* **How to complete this task**
Line by line, repeat the data below exactly, beginning at the first line and ending at the line with "静的,是甘竹山公园景观凉亭、". Omit pictures.

* **Available data**
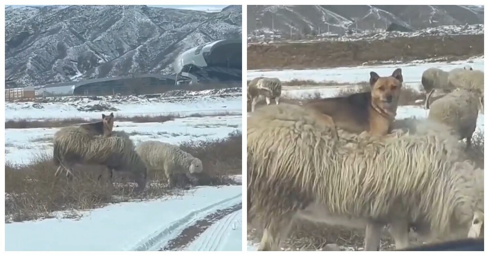 Бдительная, но ленивая собака-пастух стала звездой соцсетей: она нашла идеальный способ наблюдать за стадом — просто залезла на спину овцы и удобно расположилась, контролируя процесс сверху.
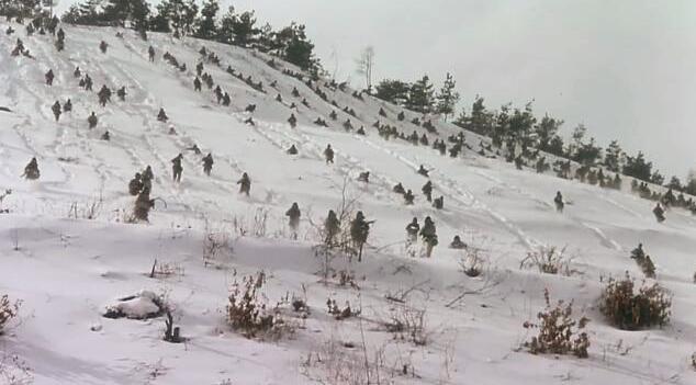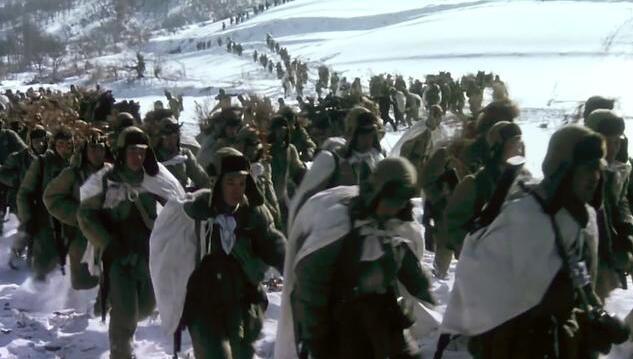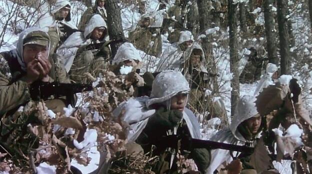军人的行军镜头、埋伏在雪林当中,也都非常具有震撼力,彰显了那个时代“能吃苦”、“能打胜仗”的精神。
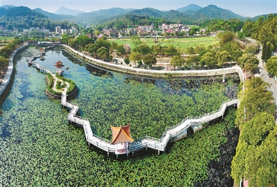 静的,是甘竹山公园景观凉亭、长廊水榭,是大夫山森林公园的峰峦起伏、湖光倒影,是花都湖公园滨水绿道、游憩绿道,是云溪生态公园的翠色欲流、绿草如茵……
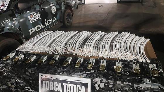 Policiais militares da Força Tática do 12º Comando Regional apreenderam 284 emulsões explosivas (explosivos de alta performance utilizados em mineração), 600 munições calibre 9 milímetros e porções de substância análogas à maconha, durante abordagem, nesta quarta-feira (5), no município de Pontes e Lacerda (445 km de Cuiabá).

* **Exercise answer**
 Бдительная, но ленивая собака-пастух стала звездой соцсетей: она нашла идеальный способ наблюдать за стадом — просто залезла на спину овцы и удобно расположилась, контролируя процесс сверху.
军人的行军镜头、埋伏在雪林当中,也都非常具有震撼力,彰显了那个时代“能吃苦”、“能打胜仗”的精神。
 静的,是甘竹山公园景观凉亭、长廊水榭,是大夫山森林公园的峰峦起伏、湖光倒影,是花都湖公园滨水绿道、游憩绿道,是云溪生态公园的翠色欲流、绿草如茵……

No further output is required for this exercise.